What's Making Rates Change?Whether bought from a utility or a marketer, a rising portion of the power you use originates from a wholesale market whose pricing rises sharply at certain times of the day and year, or rises when a power line or generator goes down. Those charges "trickle down" to endusers via fuel adjustment charges or rate increases. Many utilities tend to average such costs across both time and their customer base, thereby cross-subsidizing among rate classes and masking the problems.
Changes in wholesale power pricing structures are being pushed by the Federal Energy Regulatory Commission (FERC). Where already applied (mostly in northeastern states), hourly power pricing jumps in areas when transmission gets congested and/or where expensive generation must be used during peak demand periods.
Winners And LosersThe impact is felt the most by customers with low load factors (i.e., average demand divided by peak demand) and by those whose load profiles spike in the middle of the workday.

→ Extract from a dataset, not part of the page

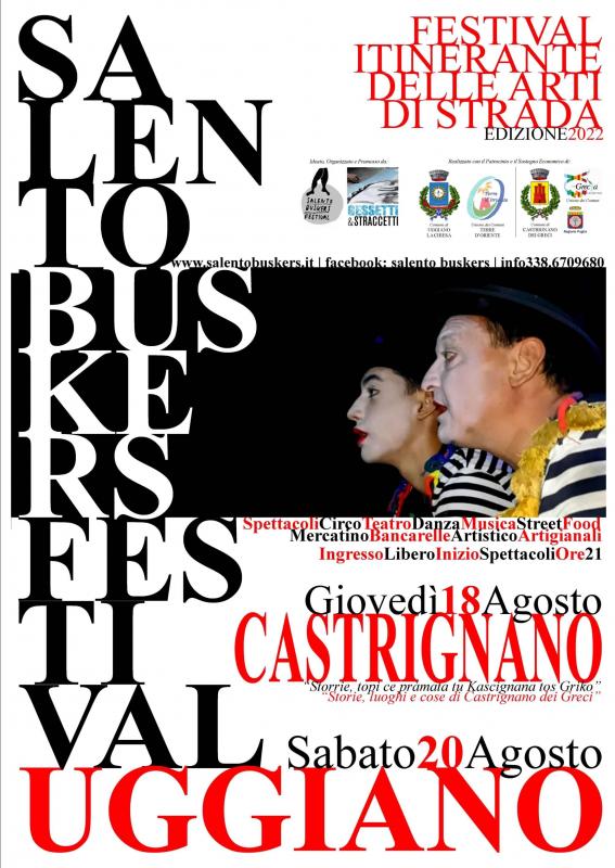 Sarà una vera e propria festa di ri-partenza per tutti coloro che puntualmente di anno in anno aspettano e in-seguono il POETICO MIGRAR della CAROVANA dei BUSKERS composta da musicisti di strada, saltimbanchi, guitti, equilibristi e giocolieri: sono loro i veri protagonisti di questo evento che porteranno nelle piazze ed i centri storici di Castrignano dei Greci e Uggiano la Chiesa, spettacoli di magia, di giocoleria, con i tessuti e trapezio aereo, con le bolle di sapone, con il fuoco, fantasisti, marionettisti, musicisti di strada, laboratori per bambini, trampolieri e mimi, faranno sognare grandi e piccini.

Pressure by industrial customers (with relatively flat profiles) for rate relief has supported removal of cross-subsidies. Some commercial building operators (especially those who charge tenants a fixed electric rate based on occupied square footage) may, however, find themselves on the short end of the stick. In such cases, tenants have no incentive to minimize their demand. Landlords may then see rising costs they cannot pass on until leases are renegotiated. Simply charging more for power may make rented space less competitive.
Finding Opportunities For Demand ControlStart by assessing the potential impact of a rate change on your bill. What proportion of your electric bill is due to peak demand charges? If it is very low (less than 10%), any change due to FERC or the wholesale market is likely to have a minimal effect. If closer to 40% (or more), some attention may be needed. While most of the usual demand-side management tricks (e.g., lighting upgrades) should be considered, a demand-response audit on one's central plant may reveal options that don't require major equipment.
When performed at several buildings, this effort (supported by temporary load metering to define equipment-specific load profiles) found the following opportunities. Some may require addition of control points to BMS.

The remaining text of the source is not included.